Now that’s taking a stand against metaphor.

“Sorry, Honey . . .”

Athena Captures a Centaur (Botticelli)“Sorry, honey, God’s just pretend,” I said once to a child of mine.

Which child and when—those details have left my head. But the sentence stuck. I liked how it both stated a fact and expressed a wistfulness about that fact. No one is in charge, but life might be easier if Someone were.

Last week, writing to a friend who was advising me on a book pitch, I said it again. I hoped (I wrote) that my memoir about raising atheists would give nonbelieving parents the encouragement they might need to say to their children, “Sorry, honey, God’s just pretend.”
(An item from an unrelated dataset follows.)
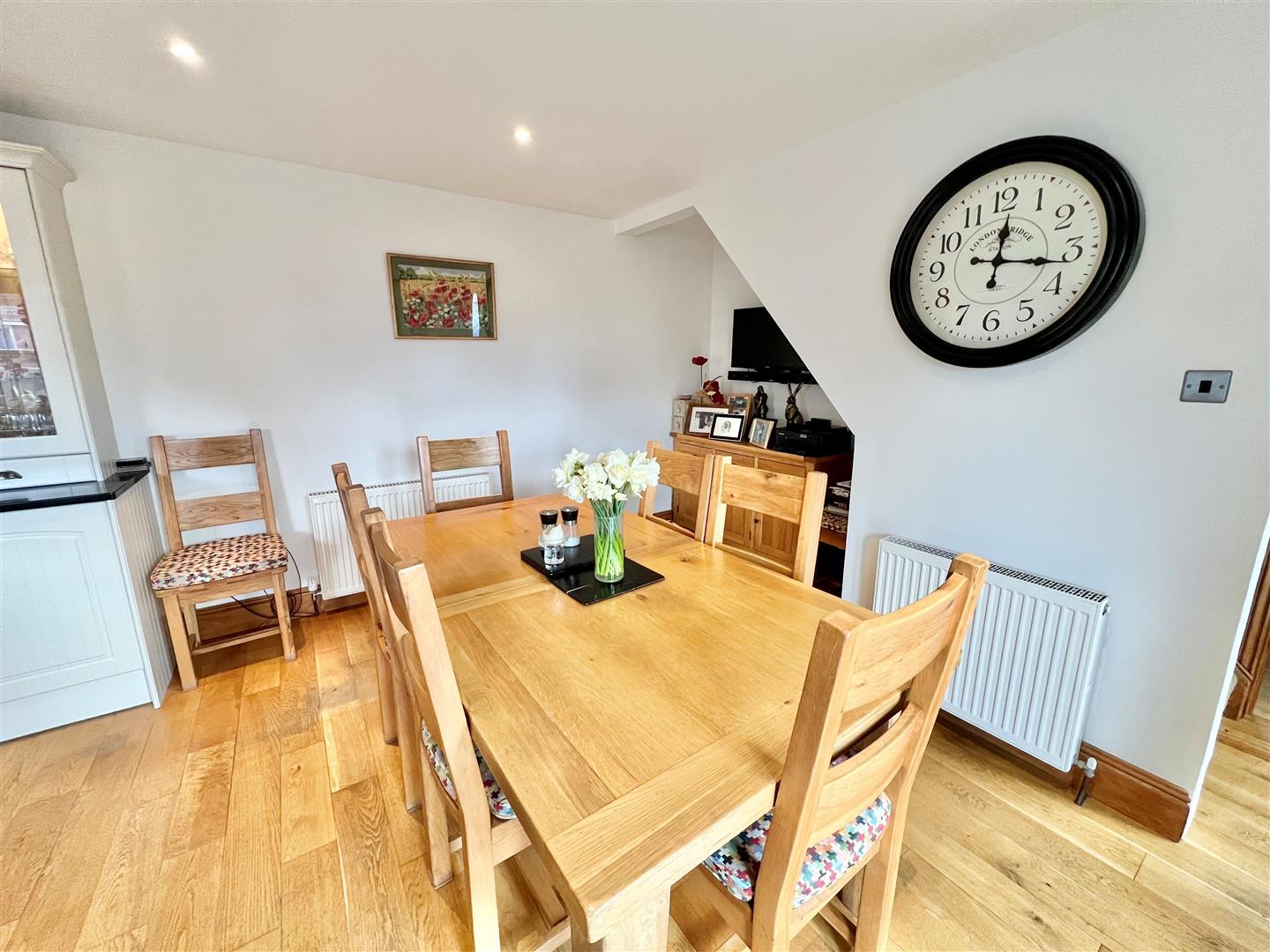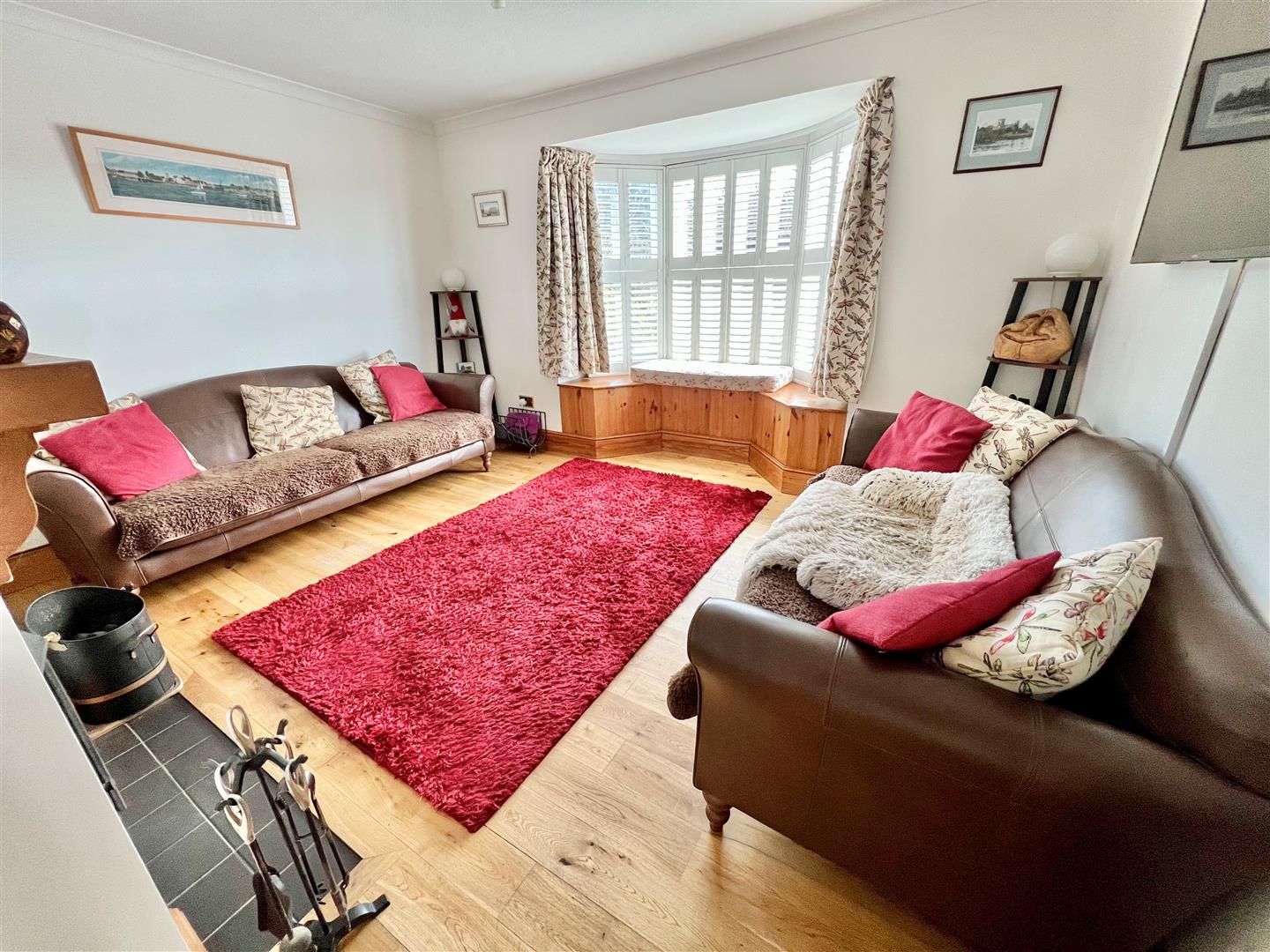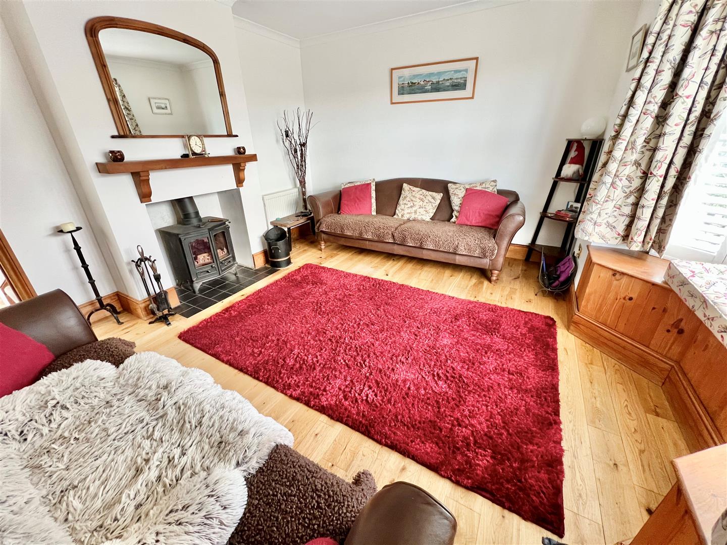 A pleasant reception room with a bay window to the front with fitted plantation shutters and a window seat. A fireplace with fitted multi-fuel stove provides a charming focal point.

Writing back, my friend suggested that I add, “I think.” As in, “Sorry, honey, I think God’s just pretend.” My “claim to know the unknowable” made her uncomfortable. I don’t have proof that God does not exist. Should I really state as an absolute truth, as she put it, “that which we cannot know”?

Should I?

Consider the following:

“Mom, are monsters real?”

“Well, honey, some people think they’re real, but your dad and I believe that monsters are just pretend. When you get older, you can decide for yourself what you believe.”

This, of course, would never happen. On the contrary, it would be perfectly acceptable—even predictable—to say, “Don’t worry, honey, monsters are just pretend.” And it works if you’re not reassuring a child, as well; no one would raise an eyebrow at “Sorry, honey, Athena is just pretend” or “Sorry, honey, fairies are just pretend.”

So we can assert the nonexistence of things for which there is no evidence. Even if we have no absolute proof that they do not exist.

Monsters and fairies and Greek gods may seem like frivolous examples, in no way equivalent to God. But they are logically equivalent. They just aren’t culturally equivalent. Most grownups (today) don’t believe in Mount Olympus or fairies or monsters; to state that they don’t exist is to state the “obvious.” And (to state the obvious) the same is not true when it comes to God.

More to the point, they are not emotionally equivalent. People who believe in God usually care whether He is real. Sometimes they care a lot. To dismiss unapologetically something that someone else cares about is just . . . rude. I suspect that the whiff of the impolite—or at least the impolitic—is partly what made my friend wrinkle her nose.

I don’t want to be rude. Which is why I would never say, “Sorry, honey, God’s just pretend” to a niece at her bat mitzvah or to an athlete in a post-game interview.

But to my kids, who are trying to figure out what to believe? Absolutely.